Nello specifico, in questo testo teatrale estrapolato dalla novella “La morte addosso”, ci troviamo di fronte ad uno spettacolo breve, ma molto difficile ed intriso di dettagli, luoghi comuni, metafore, simbologie e citazioni.
Il testo originario, così come l’adattamento di Lavia, è ricchissimo di pause, che comunicano più delle parole le emozioni e le reazioni dei personaggi: la progressiva meraviglia, l’ironia, il disorientamento sempre più intenso, alternando l’angoscia a discorsi che si pongono su un piano di tranquillante e banale normalità.
È un processo che si addentra sempre più vorticosamente nella riflessione monologante: il dialogo di superficie tra i due personaggi (sempre presenti sulla scena) gradualmente si spegnerà a favore di un dialogo interno del protagonista che parla con se stesso e per se stesso. La comunicazione a senso unico, rappresenta in questa mise en pièce la possibilità per l’uomo dal fiore in bocca di liberarsi, almeno per qualche istante, dall’incubo della morte imminente, nascondendo quel tormento interiore che la morte crea in lui, e che Lavia con la sua gestualità, con la sua espressività e con la profondità dello sguardo, ci restituisce in maniera perfetta. Il suo personaggio sfrutta le armi dell’ironia e dell’umorismo per razionalizzare la morte, mettendosi in antitesi al pacifico avventore che nella sua banale vita in linearità nasconde la meschinità e misoginia dell’uomo medio siciliano del suo tempo. Completa il cerchio dei personaggi la figura femminile (amata e odiata da Pirandello) della moglie dell’uomo dal fiore in bocca, che segue il marito ovunque, soffrendo per lui, per la sua condizione di “uomo condannato”: la donna, esprime una femminilità elegante ed allo stesso tempo rappresenta un’entità, una presenza quasi eterea che passa, osserva e scorre via, come fosse solo un’ombra, un’idea che ha assunto una qualche sorta di fisicità.
L’uomo non si può scindere da essa, dalla donna, come non si può scindere dalla morte.
Tutto nella rappresentazione rimanda a questo intreccio fondamentale: il quadro scenico bianco e nero, i continui cambi di luce, una stazione con dei treni su cui nessuno sale, una sala d’aspetto deserta, un orologio senza lancette, un male che non lascia scampo, ma dal nome dolcissimo, un flauto dal suono così soave che sembra quasi arrivare da un’altra dimensione.
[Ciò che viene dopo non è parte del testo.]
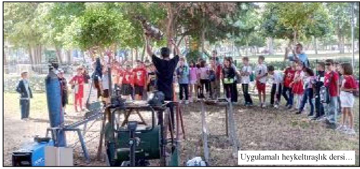
Uygulamalı heykeltıraşlık dersi...

Inoltre, come afferma lo stesso Lavia “assistiamo ad una pioggia costante: una pioggia sporca che è l’accompagnamento di tutto lo spettacolo. I personaggi entrano ed escono di scena inzuppati, ma non c’è acqua: quello che arriva al pubblico dal palcoscenico è solo il rumore della pioggia, una pioggia dell’anima”.
Lo spettacolo, che andrà in scena al Niccolini fino al 23 ottobre, si sposterà poi al Teatro della Pergola di Firenze dal 29 ottobre al 4 novembre.